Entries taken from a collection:
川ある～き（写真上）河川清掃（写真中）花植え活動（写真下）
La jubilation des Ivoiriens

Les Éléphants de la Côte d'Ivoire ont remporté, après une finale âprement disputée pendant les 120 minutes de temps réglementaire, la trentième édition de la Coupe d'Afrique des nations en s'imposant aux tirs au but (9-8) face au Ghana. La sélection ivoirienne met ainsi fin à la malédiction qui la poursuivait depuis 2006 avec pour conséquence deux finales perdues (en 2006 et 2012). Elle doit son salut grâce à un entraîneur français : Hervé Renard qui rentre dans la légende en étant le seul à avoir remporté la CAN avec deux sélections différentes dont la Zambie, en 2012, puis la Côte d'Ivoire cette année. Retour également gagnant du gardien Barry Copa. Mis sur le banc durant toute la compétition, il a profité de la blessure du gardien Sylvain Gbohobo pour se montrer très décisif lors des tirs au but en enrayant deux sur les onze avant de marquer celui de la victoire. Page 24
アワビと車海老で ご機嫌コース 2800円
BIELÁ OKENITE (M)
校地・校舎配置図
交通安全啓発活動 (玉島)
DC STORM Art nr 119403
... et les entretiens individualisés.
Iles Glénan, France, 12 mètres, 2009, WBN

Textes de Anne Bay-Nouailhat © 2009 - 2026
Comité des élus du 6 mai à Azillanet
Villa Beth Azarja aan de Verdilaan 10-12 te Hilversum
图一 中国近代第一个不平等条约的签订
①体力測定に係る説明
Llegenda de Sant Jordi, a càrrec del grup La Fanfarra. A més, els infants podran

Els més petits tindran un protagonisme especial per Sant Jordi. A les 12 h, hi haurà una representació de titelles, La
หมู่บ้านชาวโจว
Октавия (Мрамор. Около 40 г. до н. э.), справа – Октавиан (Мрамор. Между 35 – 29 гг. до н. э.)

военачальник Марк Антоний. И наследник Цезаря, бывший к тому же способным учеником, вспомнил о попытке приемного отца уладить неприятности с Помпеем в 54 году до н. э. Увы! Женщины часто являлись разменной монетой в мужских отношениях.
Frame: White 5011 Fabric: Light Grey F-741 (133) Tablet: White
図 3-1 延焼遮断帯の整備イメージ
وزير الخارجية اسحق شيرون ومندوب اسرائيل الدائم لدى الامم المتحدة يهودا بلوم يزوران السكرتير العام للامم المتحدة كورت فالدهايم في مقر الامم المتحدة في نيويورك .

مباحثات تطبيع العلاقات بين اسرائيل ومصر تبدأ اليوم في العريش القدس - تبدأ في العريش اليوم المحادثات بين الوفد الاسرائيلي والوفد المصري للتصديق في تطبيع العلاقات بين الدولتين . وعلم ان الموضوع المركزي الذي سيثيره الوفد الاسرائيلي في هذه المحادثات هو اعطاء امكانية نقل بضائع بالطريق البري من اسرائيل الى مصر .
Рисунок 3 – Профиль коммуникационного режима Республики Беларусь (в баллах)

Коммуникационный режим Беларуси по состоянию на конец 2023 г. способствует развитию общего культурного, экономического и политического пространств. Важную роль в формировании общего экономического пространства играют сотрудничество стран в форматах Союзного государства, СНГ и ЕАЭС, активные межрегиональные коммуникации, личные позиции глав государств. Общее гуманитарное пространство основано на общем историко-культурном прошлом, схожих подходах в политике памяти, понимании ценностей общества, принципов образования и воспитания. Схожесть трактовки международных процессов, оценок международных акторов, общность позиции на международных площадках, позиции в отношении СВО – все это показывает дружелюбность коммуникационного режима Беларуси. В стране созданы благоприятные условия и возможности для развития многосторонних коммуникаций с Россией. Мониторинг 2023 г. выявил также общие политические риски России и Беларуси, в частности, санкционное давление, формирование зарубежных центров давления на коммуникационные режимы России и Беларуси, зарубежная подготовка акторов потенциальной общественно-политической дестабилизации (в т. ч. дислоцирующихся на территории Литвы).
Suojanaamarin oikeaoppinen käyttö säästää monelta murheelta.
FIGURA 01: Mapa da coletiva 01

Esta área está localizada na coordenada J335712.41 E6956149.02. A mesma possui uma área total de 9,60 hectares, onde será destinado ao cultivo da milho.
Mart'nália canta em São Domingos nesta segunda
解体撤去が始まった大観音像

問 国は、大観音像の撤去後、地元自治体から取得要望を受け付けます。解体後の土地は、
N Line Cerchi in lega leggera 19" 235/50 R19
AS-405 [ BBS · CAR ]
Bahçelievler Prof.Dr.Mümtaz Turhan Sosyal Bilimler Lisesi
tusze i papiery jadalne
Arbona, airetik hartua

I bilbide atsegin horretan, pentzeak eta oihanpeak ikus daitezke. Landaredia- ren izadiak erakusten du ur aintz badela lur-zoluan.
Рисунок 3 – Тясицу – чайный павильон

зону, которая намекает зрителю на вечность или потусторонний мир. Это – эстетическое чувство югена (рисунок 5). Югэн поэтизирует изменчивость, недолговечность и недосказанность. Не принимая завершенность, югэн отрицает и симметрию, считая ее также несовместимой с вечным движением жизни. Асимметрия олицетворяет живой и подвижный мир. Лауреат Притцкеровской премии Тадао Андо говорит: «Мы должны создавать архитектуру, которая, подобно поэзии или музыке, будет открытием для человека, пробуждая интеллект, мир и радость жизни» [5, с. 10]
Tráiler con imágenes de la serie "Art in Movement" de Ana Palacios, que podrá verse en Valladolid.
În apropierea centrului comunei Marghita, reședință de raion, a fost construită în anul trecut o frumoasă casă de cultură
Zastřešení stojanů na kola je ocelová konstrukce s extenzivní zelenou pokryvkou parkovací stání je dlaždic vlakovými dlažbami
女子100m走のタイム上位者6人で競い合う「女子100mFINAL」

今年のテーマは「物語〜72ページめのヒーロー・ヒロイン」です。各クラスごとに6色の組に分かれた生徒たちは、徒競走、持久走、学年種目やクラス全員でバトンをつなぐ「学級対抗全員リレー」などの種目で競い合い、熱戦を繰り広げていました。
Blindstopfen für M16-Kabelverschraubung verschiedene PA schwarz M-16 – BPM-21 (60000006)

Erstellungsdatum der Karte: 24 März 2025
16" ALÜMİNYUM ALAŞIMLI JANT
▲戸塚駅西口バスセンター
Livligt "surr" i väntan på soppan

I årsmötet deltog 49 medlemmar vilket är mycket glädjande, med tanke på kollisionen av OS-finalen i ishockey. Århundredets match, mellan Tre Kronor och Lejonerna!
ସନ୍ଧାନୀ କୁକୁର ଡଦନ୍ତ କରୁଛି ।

● What to do
Of the lines above, show those in which "Jordi" appears.

● Written response
Llegenda de Sant Jordi, a càrrec del grup La Fanfarra. A més, els infants podran
Els més petits tindran un protagonisme especial per Sant Jordi. A les 12 h, hi haurà una representació de titelles, La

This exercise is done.